Là où les écrits de GALIEN sont sans rivaux, c'est dans leur diversité ; ils ressemblent à une encyclopédie des sciences et de la philosophie antique. GALIEN reconnait la situation d'un coup d'oeil : en tant que médecin, penseur et interlocuteur.
Son oeuvre va de l'anatomie au monothéisme. De fait, ce païen grec qui croit aux guérisons miraculeuses d'Esculape s'interesse à Moise dont il compare le Dieu au démiurge de la philosophie grecque.
A GALIEN revient un incontestable et prodigieux mérite, celui d'avoir fondé la physiologie expérimentale timidement entrevue par les Alexandrins, en s'aidant sur la dissection animale, transposée à l'homme. Il observe que le siège effectif d'un processus pathologique n'est pas toujours celui où il se manifeste cliniquement.

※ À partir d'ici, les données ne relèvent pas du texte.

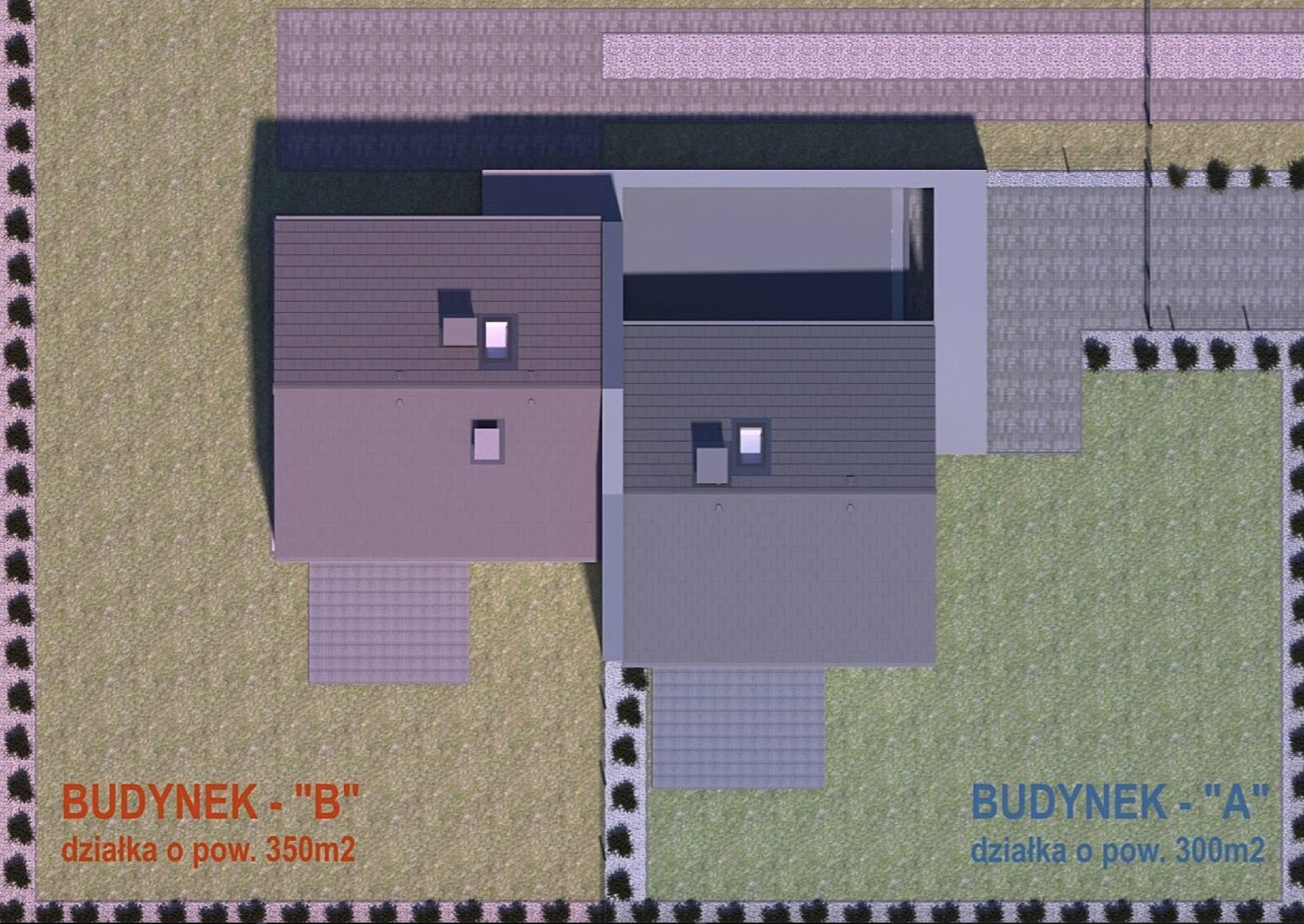 Przewidziano możliwość przyszłej, samodzielnej realizacji wolnostojącego garażu w głębi działki (segment B - bez garażu)

Au cours de sa synthèse:Hippocrate
"Hippocrate n'est pas une autorité pour moi comme pour la plupart ; je le suis parce que ses démonstrations sont sûres et je l'en loue".

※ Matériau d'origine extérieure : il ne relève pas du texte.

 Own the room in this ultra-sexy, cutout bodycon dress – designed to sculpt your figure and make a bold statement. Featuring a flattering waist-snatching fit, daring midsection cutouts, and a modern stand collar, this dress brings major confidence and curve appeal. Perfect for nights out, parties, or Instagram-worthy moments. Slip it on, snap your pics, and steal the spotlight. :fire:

"Hippocrate nous a montré le chemin, dit-il, tout le reste c'est à nous à le faire".
La contribution de GALIEN à la neurophysiologie constitue un des principaux titres de gloire. Il distingue le rôle du cerveau, du cervelet et du mésencephale.
Il précise la structure et le fonctionnement des organes des sens, de l'oeil en particulier. Il écrit une anatomie de l'oeil (Utilité des parties du corps : Des yeux et de leurs annexes) et un traité "Diagnostic des maladies des yeux".

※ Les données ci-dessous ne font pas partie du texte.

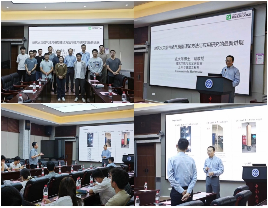 2023年10 月18 日上午,加拿大舍布鲁克大学土木与建筑工程系戚大海副教授于诸侯快讯ok1122铁道校区世纪楼14楼会议室作汇报,戚大海副教授汇报的主题为建筑火灾烟气缩尺模型理论方法与应用研究的最新进展。他首先介绍了一种全新的高层建筑火灾烟气流动缩尺模型,通过考虑火灾烟气与边界之间的热交换,提出准确性更高的弗劳德-斯坦顿建模方法。其次,戚大海副教授还提出了太阳能电板火灾烟气流动缩尺模型,以及一种新的氦相似理论和太阳能电板火灾烟气扩散风洞试验的标度方法,并介绍了建筑一体化光伏双层幕墙火灾烟气扩散机理,提出了一种经济、安全、实用的模拟方法。汇报结束后,与会师生与戚大海副教授展开交流。部分师生结合自己的实验课题和科研经历向戚大海副教授提出疑问,戚大海副教授均细致回答,与师生互通有无。

Ces ouvrages furent traduits en arabe au IXè siècle. Le livre publié en 1512 sous le titre de "De Oculis Galeni a Demetrio Translatus" est la traduction d'un manuscrit arabe de ces deux ouvrages de GALIEN enrichis de nombreuses interpolations.
En Egypte, où les affections oculaires ont toujours constitué un fléau national, il n'est pas surprenant que les connaissances en Ophtalmologie aient été relativement avancées, et que l'action désinfectante des collyres ait été déjà découverte.
On s'aperçoit que cliniquement et au point de vue thérapeutique les Grecs ont acquis une grande partie de leur science médicale par l'intermédiaire de l'école d'Alexandrie.
Aux deux pôles de son histoire, la médecine gréco-latine a eu le privilège de donner naissance à deux médecins de génie, qui dominent leurs époques respectives, et se rejoignent par-dessus les siècles : HIPPOCRATE et GALIEN. Le Maître de Cos avait élaboré la graine, le Maître de Pergame en fît murir le fruit.
On ne peut qu'être frappé par le haut et surprenant degré des connaissances déjà atteint à cette époque, et en particulier des techniques chirurgicales ; de nombreux siècles s'en sont contentés. En effet, combien d'opérations modernes ne sont que la mise au point des procédés antiques ?
Il faut enfin remarquer que depuis les époques les plus anciennes on s'est servi des mêmes médications qui ont été très rapidement découvertes et appliquées aux affections oculaires, sans grandes variations pendant des siècles jusqu'aux temps modernes.